The difference in these two approaches has been foremost in my mind today as I spent the afternoon trying to understand why the Debug and Release build configurations were different. I tried to create a simple script that would replicate what the build pipeline is doing and found that the debug build worked fine locally, but the Release build failed. However the converse was true on the TFS build farm. What this means is that the developers work solely with debug code and the build pipeline works solely with release code. While in practice this should not be too bothersome, it does mean that any problems that do show up once the CI gets its hands on your code cannot be easily replicated locally.

The first problem I turned up straight away was that building on the command line via MSBuild was fine, and explained why the build machine also passed the build, whilst building through Visual Studio failed during compilation. It turned out that you had to build the solution twice to make Visual Studio happy. The reason no one else had noticed (or more likely had forgotten about the problem) was because they weren’t following the sort of practice I advocate in “Cleaning the Workspace”.

This turned out to be a simple missing NuGet package dependency. The problem this afternoon was much harder to diagnose because I knew nothing about TFS and its build farm. Like all brownfield projects the person you really want to speak to left just before you started and so I had to figure out myself why the Wix setup project was using $(SolutionDir) to construct the binaries path for a debug build, but $(OutDir)_PublishedWebsites for the release build. After a little googling I stumbled across the following blog post “Override the TFS Team Build OutDir property in TFS 2013” that put me on the right track.

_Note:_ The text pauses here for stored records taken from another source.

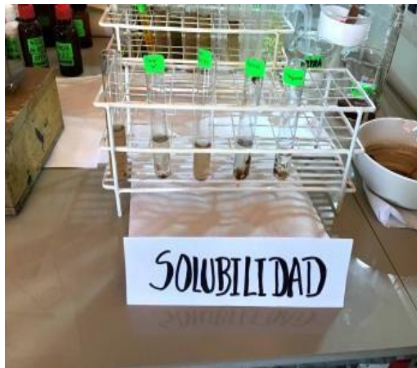
Fotografía N° 06: Prueba de solubilidad de Calycophyllum spruceanum (capirona de bajo)
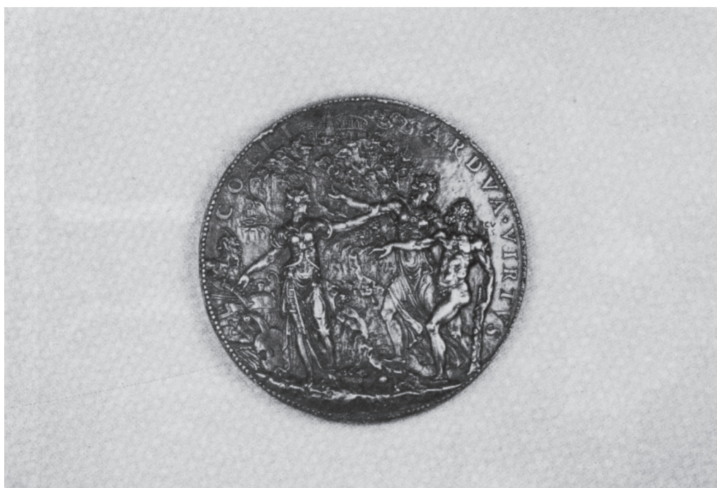
Ilustración 4: Medalla de Felipe II . (Reverso). León Leoni. Museo Lázaro Galdiano. Madrid.
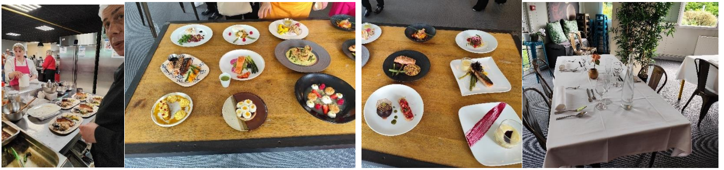
Préparation en cuisine,.....Présentation des entrées, plats et desserts des cinq équipes en lice.....Mise en place d'une table.....
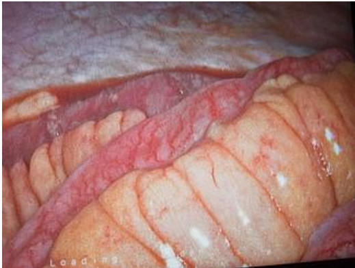
Figura 2. Laparoscopia diagnóstica

It seems that a common practice with TFS farm builds is to put all the binaries in one folder, and this can be achieved by overriding the $(OutDir) variable on the MSBuild command line. This lead to me modifying my script so that a debug build executes like this:

> msbuild.exe Solution.sln /v:m
  "/p:Configuration=Debug" "/p:Platform=Any CPU"

…whilst a release build would be this:

> msbuild.exe Solution.sln /v:m
  "/p:Configuration=Release" "/p:Platform=Any CPU"
  "/p:OutDir=%root%\Build\Release\"

Confidence Trick

Clearly the team has coped admirably without the kind of build script I’m trying to put together, so it’s hardly essential. However I personally feel uncomfortable developing without such a tool available to quickly run through a build and deployment so that I could do some local system-level testing [2]. I like to refactor heavily and for me to have confidence in the changes I’m making I like to have the tools readily available otherwise I’m tempted not to bother.

As to whether the pipeline is more maintainable or not by leveraging the automation tools to do more of the work remains to be seen. I’m certainly looking forward to seeing how this team structure plays out and in the meantime I may learn to trust modern build tools a bit more and perhaps let go of one or two old fashioned responsibilities in the process.

 

[1] When I first got to use Jenkins I wondered how easy it would be to keep the tool’s configuration in the VCS - it’s trivial. I wrote a simple script to use xcopy /s to copy the config.xml files from the Jenkins folder into a suitable folder in our repo and then check it in. Whilst this is not the entire Jenkins configuration it would be enough to help us get a replacement Jenkins instance up and running quickly, which is one of the reasons for doing it.

[2] Sadly the current setup relies on shared infrastructure, e.g. databases and message queues so there is still some work to do if total isolation is to be achieved.